Problem to solve:
Please keep pictures out and return the lines below exactly, from the one holding "マスク 洗える 血色マスク" through the last, both included.

Provided material:
┄┄┄┄┄┄┄┄┄┄
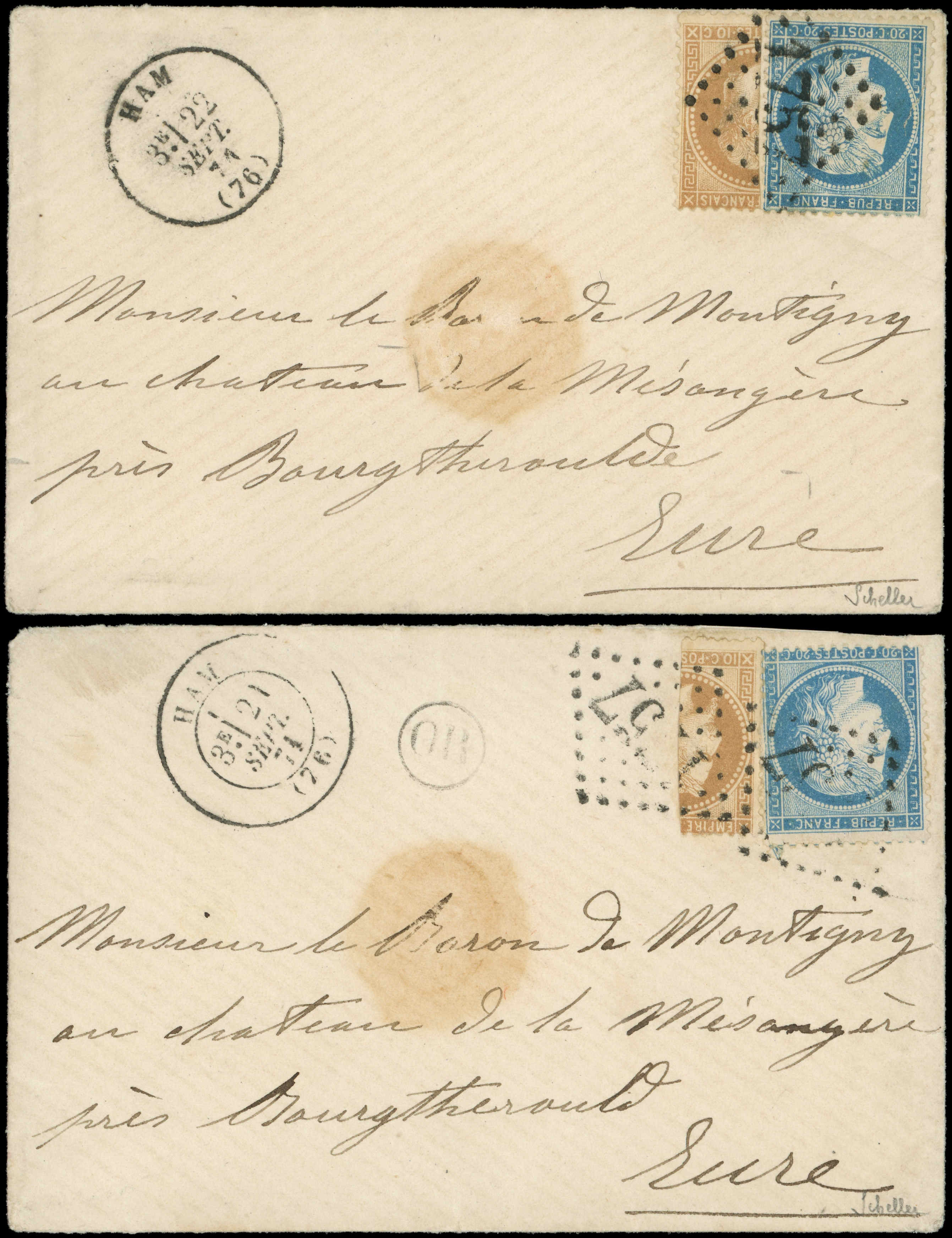 T II, ensemble de 2 Lettres présentant le timbre COUPE pour faire 5c. et accompagné d'un N°37 20c. bleu. Les 2 sont obl. GC 1757. La 1ère avec un cachet T17 HAM 21/9/71, la 2e avec un cachet T16 HAM 22/9 et adressées au même destinataire. Ceci
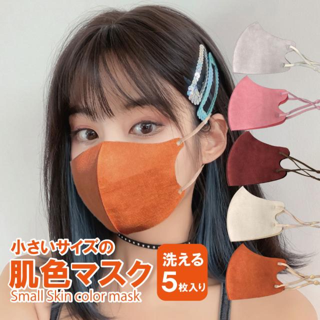 マスク 洗える 血色マスク 肌色マスク 5枚入り 小さめサイズ プレゼント有り Sサイズ 小顔マスク スエード生地
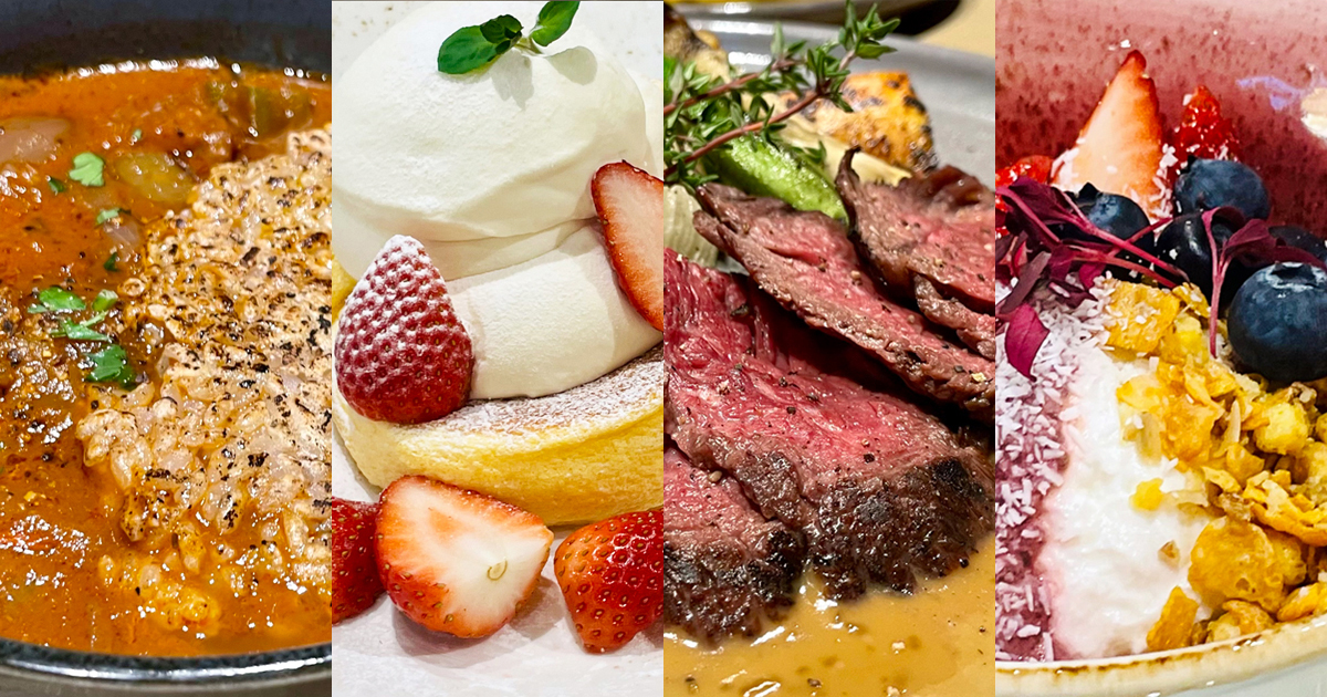 “奇跡のパンケーキ”で知られる「フリッパーズ」の店舗では、ここでしか味わえないメニューを豊富にそろえた。約20分かけて焼き上げるスフレパンケーキは定番の“スフレパンケーキ ストロベリー”などのほか、店舗限定メニューとして祇園辻利の宇治抹茶を使用した“奇跡のスフレパンケーキ 抹茶”なども提供する。
┄┄┄┄┄┄┄┄┄┄
Written response:
 マスク 洗える 血色マスク 肌色マスク 5枚入り 小さめサイズ プレゼント有り Sサイズ 小顔マスク スエード生地
 “奇跡のパンケーキ”で知られる「フリッパーズ」の店舗では、ここでしか味わえないメニューを豊富にそろえた。約20分かけて焼き上げるスフレパンケーキは定番の“スフレパンケーキ ストロベリー”などのほか、店舗限定メニューとして祇園辻利の宇治抹茶を使用した“奇跡のスフレパンケーキ 抹茶”なども提供する。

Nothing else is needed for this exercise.